> [PROBLEM REQUIREMENTS]
Reproduce only this stretch of the listing below: from the line with "接着,香灼玮先生上台为学校赠" through the line with "На одной террасе", exactly as written, with pictures excluded.
○ ○ ○ ○ ○ ○ ○
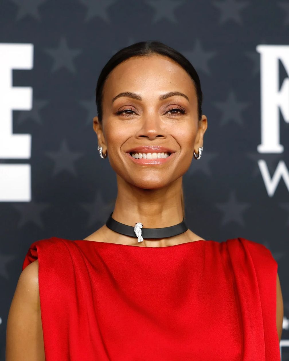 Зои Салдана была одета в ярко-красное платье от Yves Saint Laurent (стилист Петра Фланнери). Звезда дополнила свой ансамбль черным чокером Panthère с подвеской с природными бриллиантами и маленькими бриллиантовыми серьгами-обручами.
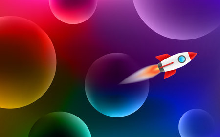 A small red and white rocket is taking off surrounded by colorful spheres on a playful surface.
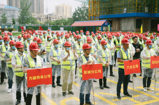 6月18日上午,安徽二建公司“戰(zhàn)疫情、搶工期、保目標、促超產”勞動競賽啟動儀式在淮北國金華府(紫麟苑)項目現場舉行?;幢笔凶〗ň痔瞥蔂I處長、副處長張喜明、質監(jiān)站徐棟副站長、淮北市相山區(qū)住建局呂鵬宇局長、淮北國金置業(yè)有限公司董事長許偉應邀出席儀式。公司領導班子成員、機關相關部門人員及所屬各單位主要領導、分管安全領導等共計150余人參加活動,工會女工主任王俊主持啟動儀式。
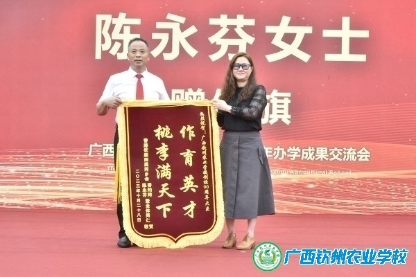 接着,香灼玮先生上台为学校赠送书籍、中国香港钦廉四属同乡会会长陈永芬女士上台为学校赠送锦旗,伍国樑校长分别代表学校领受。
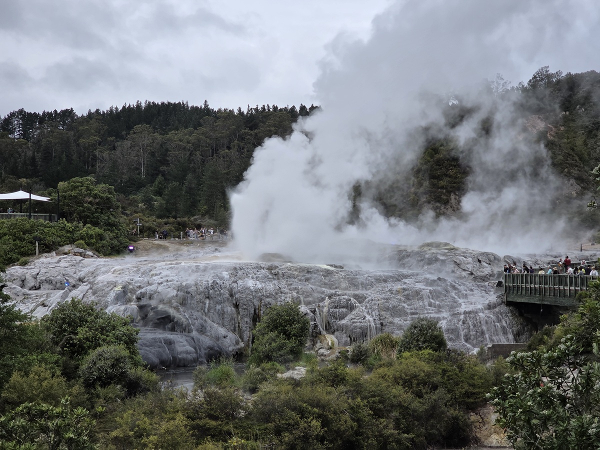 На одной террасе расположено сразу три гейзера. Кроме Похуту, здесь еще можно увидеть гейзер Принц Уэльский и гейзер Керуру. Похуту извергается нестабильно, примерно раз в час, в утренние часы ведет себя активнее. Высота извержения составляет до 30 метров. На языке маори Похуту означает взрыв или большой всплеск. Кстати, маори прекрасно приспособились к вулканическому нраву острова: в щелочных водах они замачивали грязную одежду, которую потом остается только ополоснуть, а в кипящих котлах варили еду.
○ ○ ○ ○ ○ ○ ○
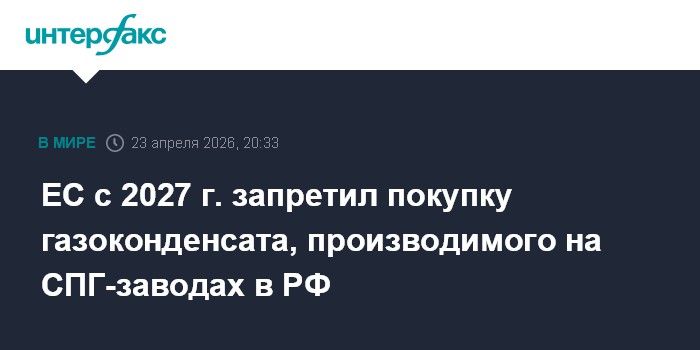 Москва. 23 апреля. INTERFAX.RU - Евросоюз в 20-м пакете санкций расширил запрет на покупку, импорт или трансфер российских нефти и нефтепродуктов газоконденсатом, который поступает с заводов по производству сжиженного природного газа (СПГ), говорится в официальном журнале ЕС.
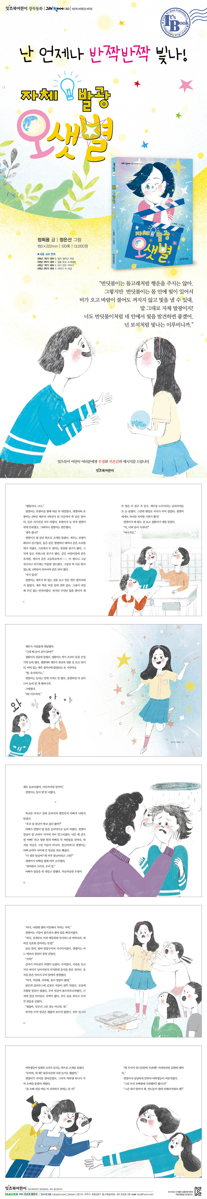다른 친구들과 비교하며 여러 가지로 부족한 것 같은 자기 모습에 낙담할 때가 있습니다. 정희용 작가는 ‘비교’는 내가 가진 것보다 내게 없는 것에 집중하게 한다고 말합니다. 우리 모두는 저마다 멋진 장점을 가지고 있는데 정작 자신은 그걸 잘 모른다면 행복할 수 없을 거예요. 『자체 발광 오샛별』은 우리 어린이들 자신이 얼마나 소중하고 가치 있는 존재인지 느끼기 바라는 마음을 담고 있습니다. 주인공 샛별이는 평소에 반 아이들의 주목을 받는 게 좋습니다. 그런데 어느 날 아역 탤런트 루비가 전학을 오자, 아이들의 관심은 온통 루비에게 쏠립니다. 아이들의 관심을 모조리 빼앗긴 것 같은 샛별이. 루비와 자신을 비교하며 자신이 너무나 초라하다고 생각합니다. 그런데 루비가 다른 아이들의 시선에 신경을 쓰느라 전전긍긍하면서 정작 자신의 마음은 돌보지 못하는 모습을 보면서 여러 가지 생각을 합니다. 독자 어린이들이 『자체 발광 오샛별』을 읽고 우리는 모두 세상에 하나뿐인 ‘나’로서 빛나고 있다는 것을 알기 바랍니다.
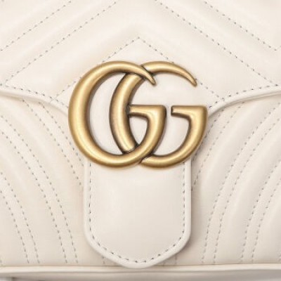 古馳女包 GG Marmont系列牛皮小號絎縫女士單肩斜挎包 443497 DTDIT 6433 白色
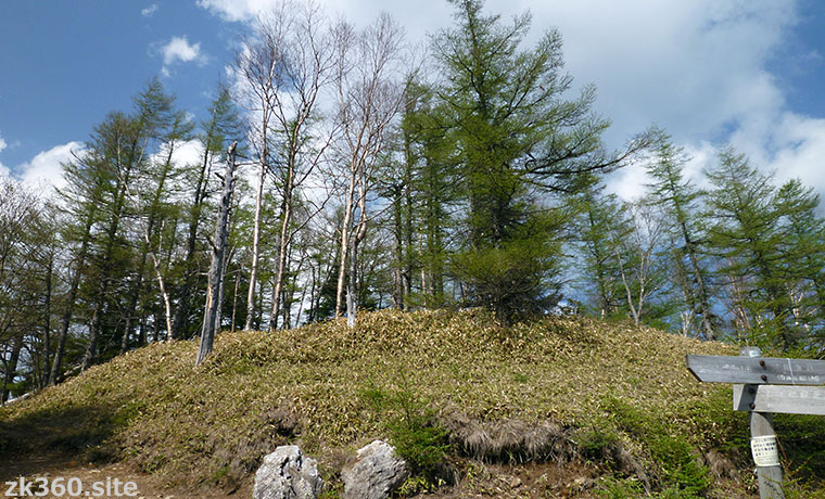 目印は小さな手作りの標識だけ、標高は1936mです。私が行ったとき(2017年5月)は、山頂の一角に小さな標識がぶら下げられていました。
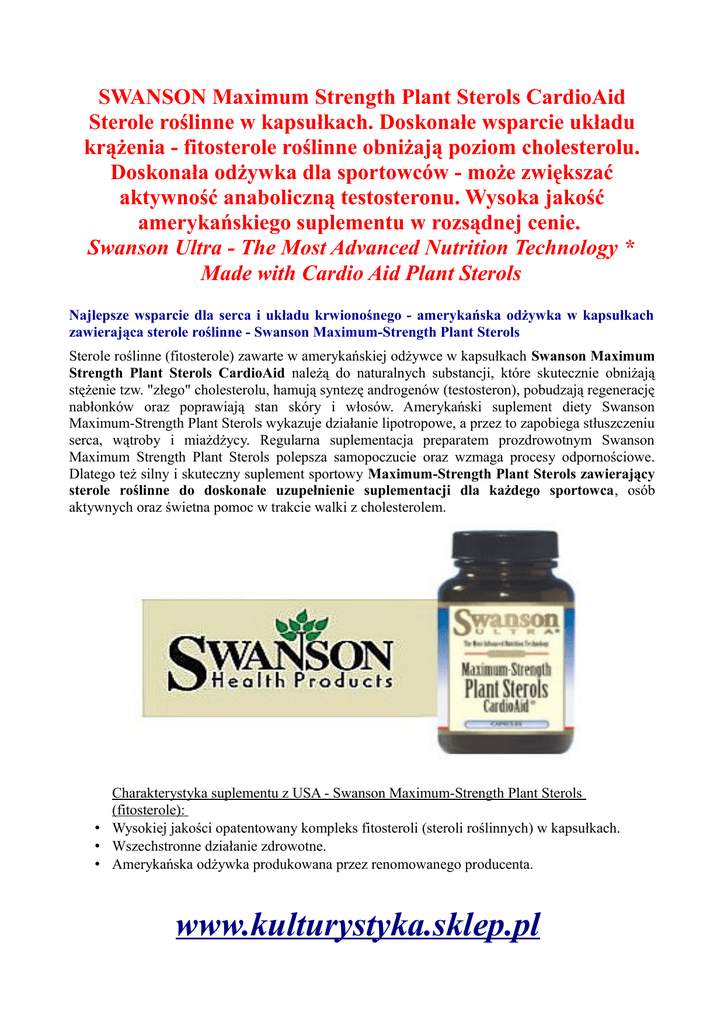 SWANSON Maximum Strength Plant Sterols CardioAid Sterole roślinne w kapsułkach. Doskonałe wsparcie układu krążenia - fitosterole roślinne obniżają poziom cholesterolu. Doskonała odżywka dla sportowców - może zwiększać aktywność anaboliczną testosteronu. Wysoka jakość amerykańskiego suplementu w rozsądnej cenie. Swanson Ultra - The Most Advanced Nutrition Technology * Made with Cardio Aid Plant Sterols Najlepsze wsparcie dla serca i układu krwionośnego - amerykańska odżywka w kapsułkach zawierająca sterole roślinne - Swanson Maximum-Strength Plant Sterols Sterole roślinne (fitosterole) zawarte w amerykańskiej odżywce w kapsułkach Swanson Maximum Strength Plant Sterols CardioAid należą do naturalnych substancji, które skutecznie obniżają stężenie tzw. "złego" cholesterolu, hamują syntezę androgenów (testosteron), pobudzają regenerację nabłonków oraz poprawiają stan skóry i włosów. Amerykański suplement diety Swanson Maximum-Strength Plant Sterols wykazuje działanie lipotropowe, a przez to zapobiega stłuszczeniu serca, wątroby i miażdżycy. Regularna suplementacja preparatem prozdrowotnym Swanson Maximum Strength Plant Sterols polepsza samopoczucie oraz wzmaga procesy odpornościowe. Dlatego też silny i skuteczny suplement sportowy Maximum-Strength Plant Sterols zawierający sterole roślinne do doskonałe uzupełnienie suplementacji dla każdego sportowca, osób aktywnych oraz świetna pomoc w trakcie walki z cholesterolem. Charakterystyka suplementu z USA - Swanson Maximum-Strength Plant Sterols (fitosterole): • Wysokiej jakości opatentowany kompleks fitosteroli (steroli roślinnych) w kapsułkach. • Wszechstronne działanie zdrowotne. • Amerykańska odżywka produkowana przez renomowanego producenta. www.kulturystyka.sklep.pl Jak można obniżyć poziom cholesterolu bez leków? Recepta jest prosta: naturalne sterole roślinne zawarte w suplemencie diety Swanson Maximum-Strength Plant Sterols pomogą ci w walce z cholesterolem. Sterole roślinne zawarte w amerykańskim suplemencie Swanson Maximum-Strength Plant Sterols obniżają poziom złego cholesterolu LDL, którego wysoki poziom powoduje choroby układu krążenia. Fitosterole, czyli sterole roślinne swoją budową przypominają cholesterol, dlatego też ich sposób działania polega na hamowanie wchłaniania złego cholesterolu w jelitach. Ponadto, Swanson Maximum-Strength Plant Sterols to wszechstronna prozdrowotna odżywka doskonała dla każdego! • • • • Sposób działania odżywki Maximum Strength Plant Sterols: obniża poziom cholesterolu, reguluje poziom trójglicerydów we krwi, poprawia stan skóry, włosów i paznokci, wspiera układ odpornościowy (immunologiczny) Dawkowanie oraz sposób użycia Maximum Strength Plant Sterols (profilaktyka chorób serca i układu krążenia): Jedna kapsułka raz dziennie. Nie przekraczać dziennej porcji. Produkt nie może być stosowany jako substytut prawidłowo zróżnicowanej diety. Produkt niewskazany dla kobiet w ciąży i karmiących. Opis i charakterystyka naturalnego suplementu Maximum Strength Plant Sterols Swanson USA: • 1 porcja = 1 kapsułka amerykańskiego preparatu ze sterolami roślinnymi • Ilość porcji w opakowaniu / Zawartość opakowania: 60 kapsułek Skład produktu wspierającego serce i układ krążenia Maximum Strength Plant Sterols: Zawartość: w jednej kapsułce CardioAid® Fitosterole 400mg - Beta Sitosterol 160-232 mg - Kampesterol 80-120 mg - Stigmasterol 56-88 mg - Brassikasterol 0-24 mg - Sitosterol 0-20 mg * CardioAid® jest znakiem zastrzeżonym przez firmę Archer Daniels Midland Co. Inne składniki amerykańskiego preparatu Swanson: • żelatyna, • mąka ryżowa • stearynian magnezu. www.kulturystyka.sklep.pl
○ ○ ○ ○ ○ ○ ○
> [ANSWER BELOW]
 接着,香灼玮先生上台为学校赠送书籍、中国香港钦廉四属同乡会会长陈永芬女士上台为学校赠送锦旗,伍国樑校长分别代表学校领受。
 На одной террасе расположено сразу три гейзера. Кроме Похуту, здесь еще можно увидеть гейзер Принц Уэльский и гейзер Керуру. Похуту извергается нестабильно, примерно раз в час, в утренние часы ведет себя активнее. Высота извержения составляет до 30 метров. На языке маори Похуту означает взрыв или большой всплеск. Кстати, маори прекрасно приспособились к вулканическому нраву острова: в щелочных водах они замачивали грязную одежду, которую потом остается только ополоснуть, а в кипящих котлах варили еду.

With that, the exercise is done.